Harry smiled. “Enough for everyone. Now, if you’ll just excuse me a moment.”

He pulled his combat goggles down over his eyes, the gelform seal molding itself to the contours of his face. He linked to the Big Eye and back to the Trident via flexipad. A dense, multicolored V3D representation appeared, showing the threat bubble out to eight kilometers. In smaller windows, live video ran of the blazing bunkers and the residential complex that was their objective. He was presented with immediate damage surveys, estimates of the number of enemy killed and incapacitated, the disposition of his own forces, and live intel from the Trident’s CIC. To the uninitiated it would seem an almost impenetrable mass of data, but it was as familiar to Harry as an old and much-loved children’s picture book.

The second squadron, under Lieutenant Colonel Hamilton, was already setting down in their Landing Zone away to the west. The first choppers had disgorged their troops, who’d formed up just below a ridgeline overlooking Complex B.

Harry switched his view to a live feed of his squadron’s own LZ, overlaid with tactical and threat assessment data. They would be setting down another six hundred meters away, in a large field to the south.

The copilot’s voice cut in. “Strobe sighted.

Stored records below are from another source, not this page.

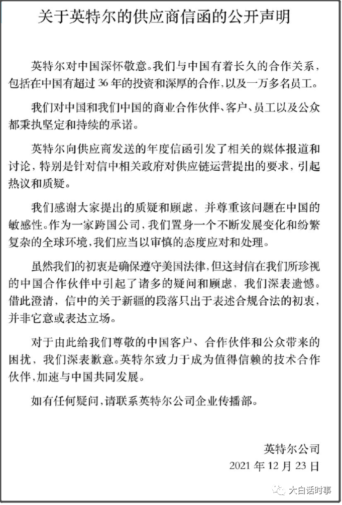 英特尔说“信中的关于新疆的段落只出于表述合规合法的初衷,并非它意或表达立场。”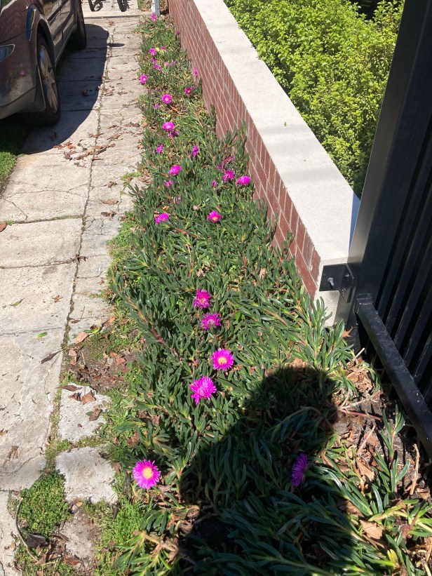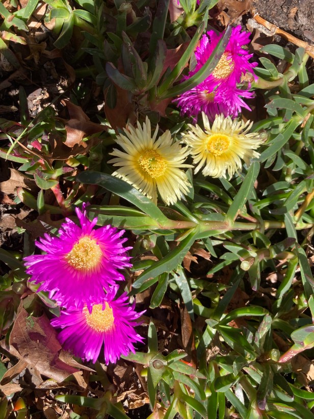 His pig faces are blooming. Last time I was there a few months ago I didn’t think they would do that well. For some reason there’s an odd one out! It’s yellow!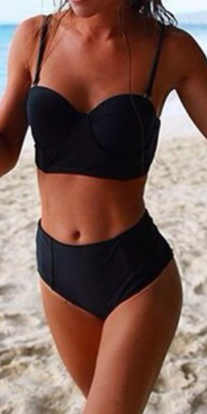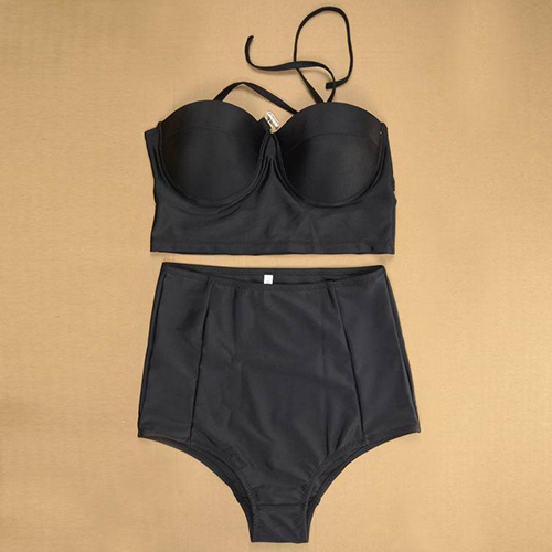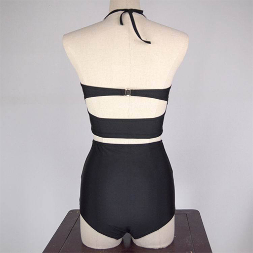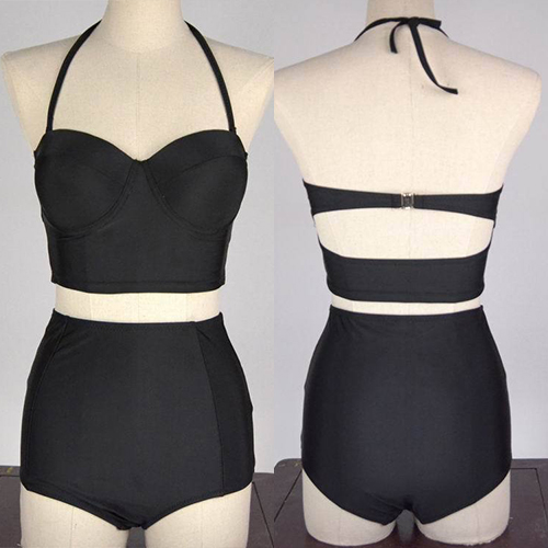 Solid color style,including a halter bra and a high waist briefs,this bikini set is perfect for your beach days.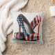 Hoge hakken schoenen met een ontwerp geïnspireerd op de Amerikaanse vlag zijn geplaatst tegen een effen achtergrond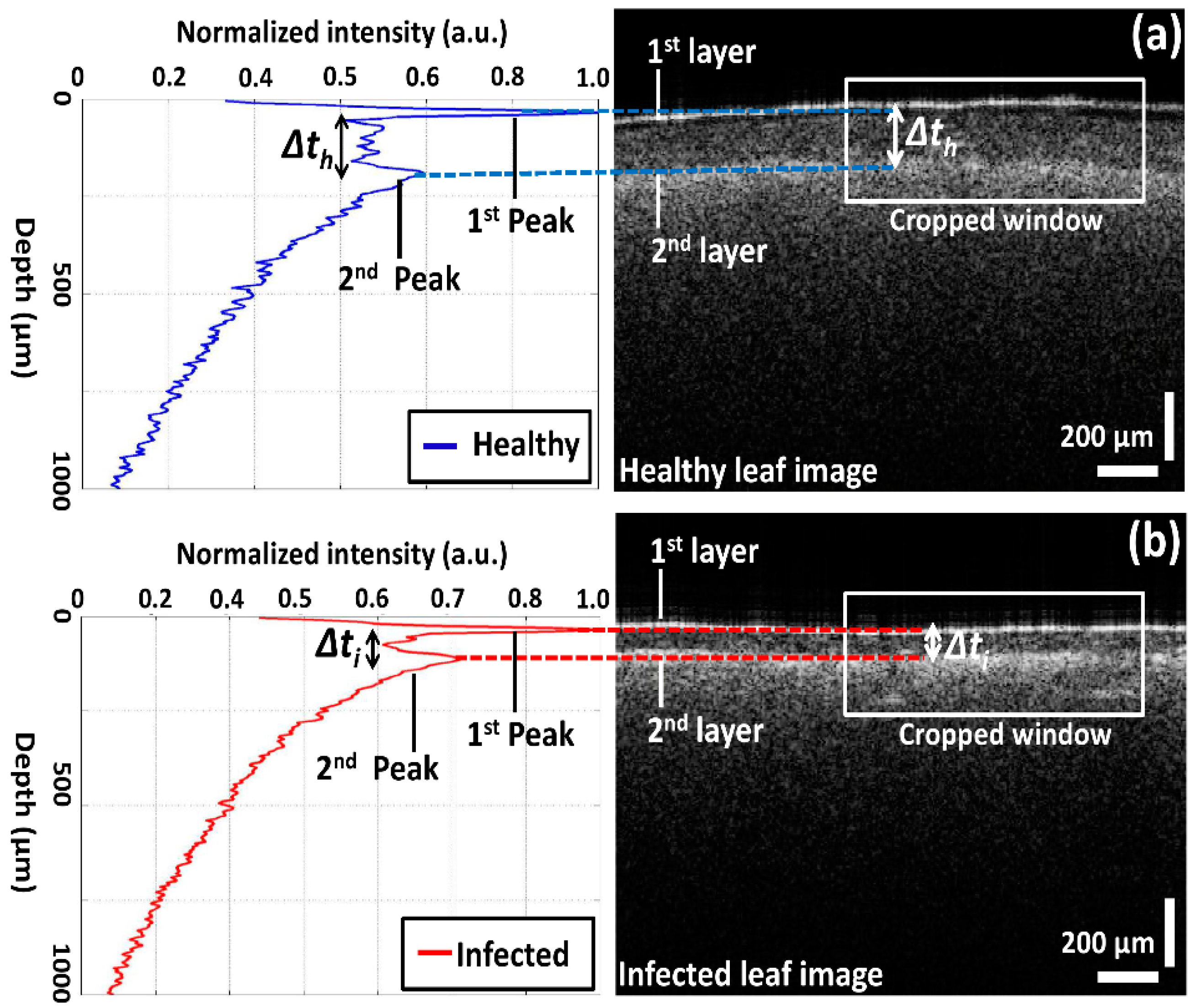 A-scan profiles of healthy and infected leaves and corresponding layer information: (a) healthy leaf; (b) infected leaf. White square region depicts the selected cropped window for averaging 200 intensity signals.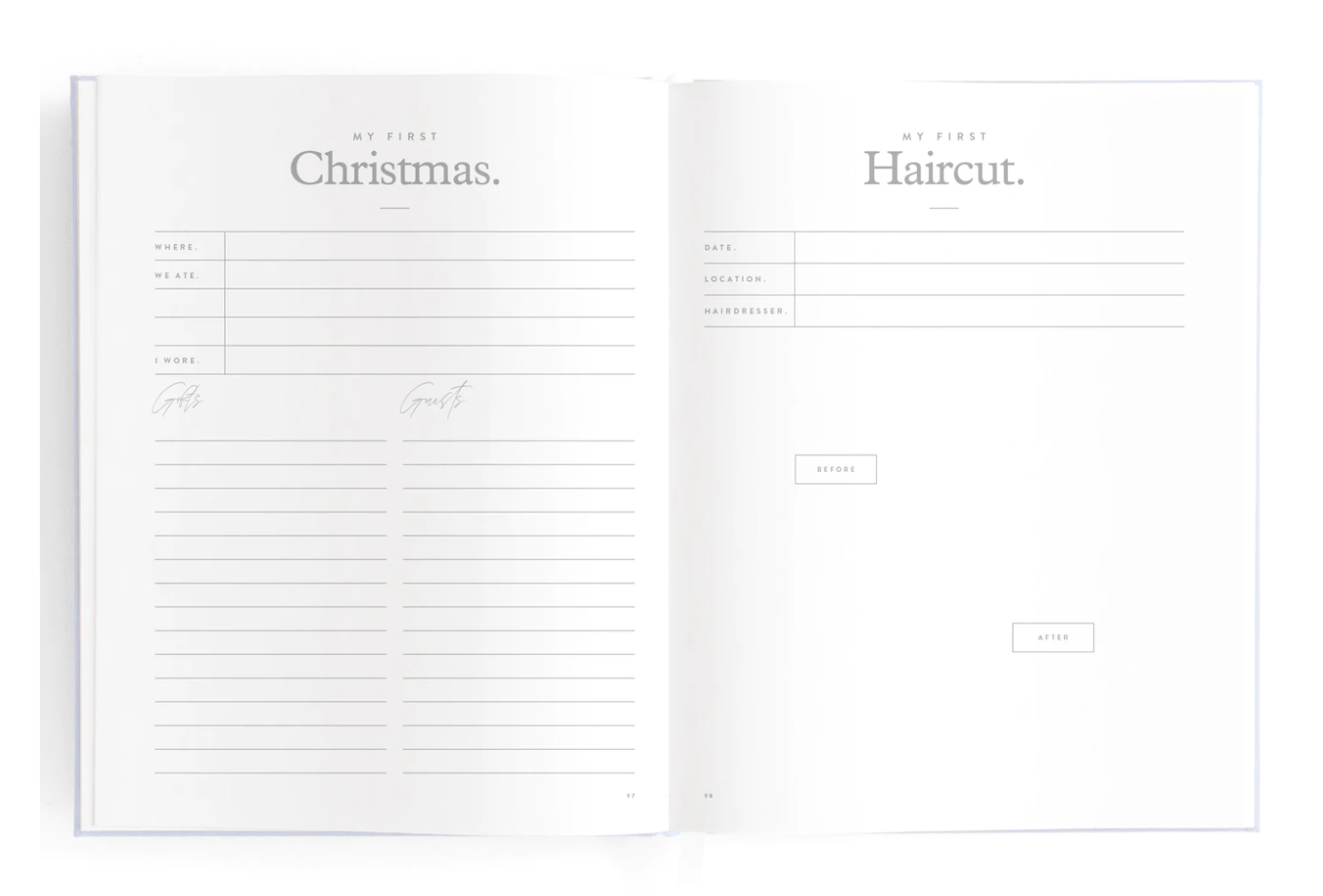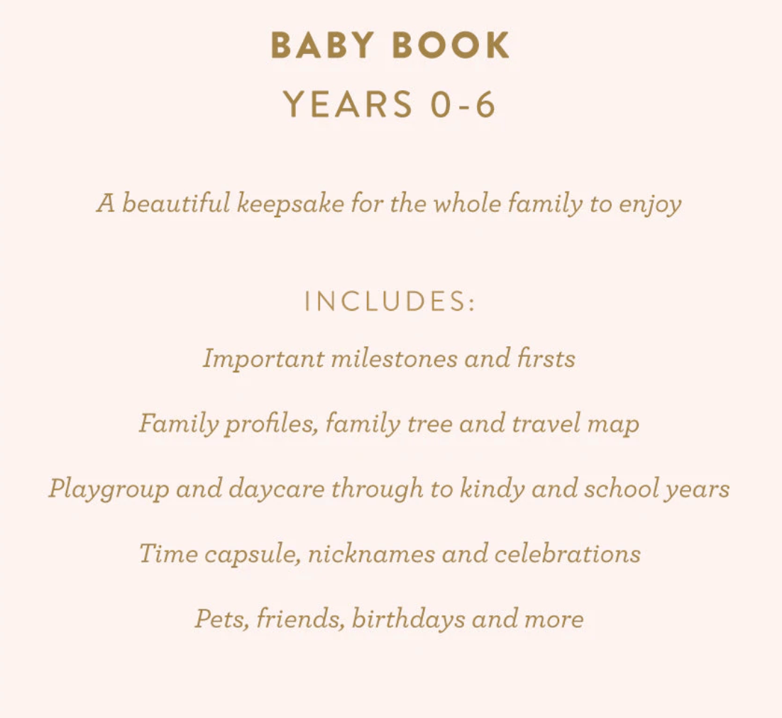 A beautiful keepsake for the whole family to enjoy. Includes: important milestones and firsts, family profiles, family tree and travel map, playgroup and daycare through to kindy and school years, time capsule, nicknames and celebrations, pets, friends, birthdays and more. 190 pages.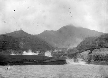 Keywords: Mouth of the Wallibou River Boiling Mud YORYM-TA0035.jpg Mouth of the Wallibou river c f Phil Trans Roy Soc A200 pl 23 fig 1 View from sea showing valley filled with hot ash deposits depicted people depicted place Wallibou River Saint Vincent 1902 Black and White glass Lantern slide Institution Yorkshire Museum Natural History Plate 23 in cite journal Anderson Tempest John S Flett Report on the Eruptions of the Soufriére in St Vincent in 1902 and on a Visit to Montagne Pelée in Martinique Part I Philosophical transactions of the Royal society of London 1903 200 A 353-553 https //archive org/details/reportoneruptio00fletgoog 19 November 2013 object history exhibition history credit line Yorkshire Museum York Museums Trust accession number YORYM TA35 The Tempest Anderson Photographic Archive held at York Museums Trust <br> York Museums Trust image PD-old-100 PD-US Uploaded with UploadWizard Images from the Tempest Anderson Collection vulcanology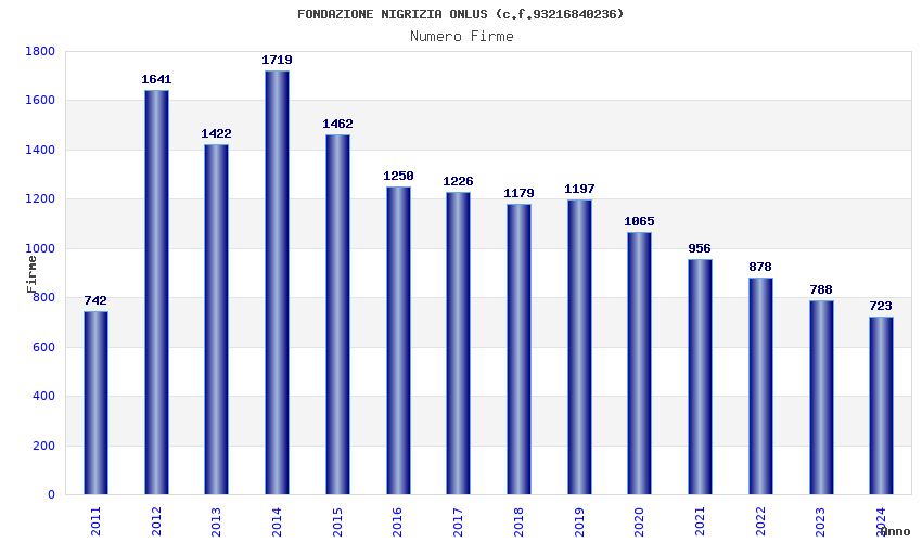 | Anno | Firme | Importi | Media | Naz. | Reg. | Prov. | Comu. |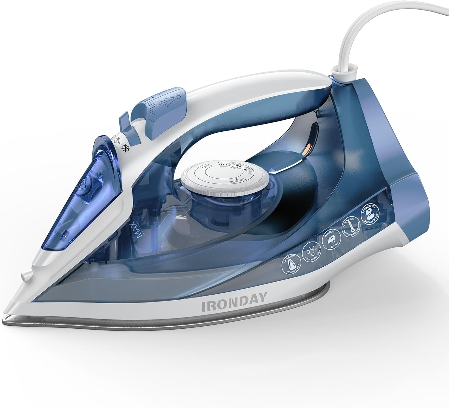 Durable stainless steel soleplate glides smoothly over fabrics and resists wear and scratches for long-lasting performance. 8-foot retractable cord provides ample reach and neatly tucks into the iron for easy storage. Heats up in less than a minute for fast, even heat distribution on all types of fabrics. Offers versatile steam options with water spray, steam blast, and vertical steam functions for both flat surfaces and hanging garments. Full steam control allows you to adjust the steam level to effectively remove stubborn wrinkles or dry-iron delicate fabrics. Features a large temperature dial with clear indicators for easy fabric selection and optimal heat settings. Equipped with a top-mounted water tank and easy-view water window for simple filling and monitoring. The presence of water droplets or condensation in the steam chamber during quality testing may confuse some users, despite being harmless.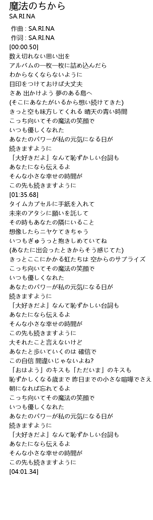 | [03:34.63] | あなたのパワーが私の元気になる日が |
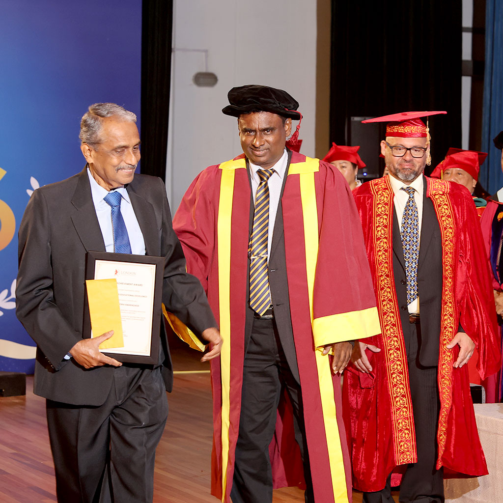 AIBT Campus proudly honored veteran educator K. H. Amaradasa with a Lifetime Achievement Award during the prestigious AIBT Campus Graduation Ceremony 2026, held at the iconic BMICH Main Hall, Colombo. The award recognized his outstanding dedication to education and his remarkable contribution to shaping generations of students in Sri Lanka.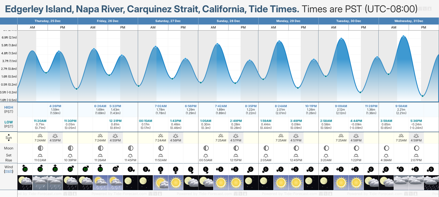 Tide Times for Edgerley Island, Napa River, Carquinez Strait: Wednesday 31 December 2025

Verifying.”

An infrared strobe had just lit up, identifying the LZ, and Harry knew that the Big Eye had just focused at least half of its lenses and sensors on that area. All being well, one of Claudel’s Resistance cells would be down there, ready to lead them in. If that didn’t check out, and the Intel Division back on the Trident decided that the contact had been compromised, the area would be hosed down with autocannon and rocket fire, and they would move on to an alternative LZ.

He could sense Claudel’s tension next to him. “It is okay?” she asked.

Harry waited for the signal from the Trident.

The strobe kept flashing.

“It is okay?” she repeated. “Oui?”

A green ALL CLEAR finally appeared in his HUD.

“Oui,” he answered. “Lock and load, gentlemen. And mademoiselle, of course.”

Claudel smiled brilliantly as she prepped her old Sten gun with a metallic kerrchunk. Her white teeth and bright green eyes were quite arresting, even in the red light of the cabin. Harry checked himself, grinding down on a spark of attraction. He normally didn’t feel like getting a leg over until well after an op. But this had been happening a lot since his inserts had run out of neurochem inhibitor.

Oh well, perhaps if he lived…

“One minute.”

Suddenly they dipped and swooped to the right, leaving his stomach where it had been somewhere above them. The combat chief hit a switch, and the rear door of the Chinook opened with a slow, heavy whirring noise.

Dozens of people back in England were watching the ground below, alert for the slightest hint of a trap, but even so Harry was glad to see the chief giving it a severe eyeballing himself. That sort of attention to detail was how you got to be an old veteran rather than one of the poor fucking glorious dead.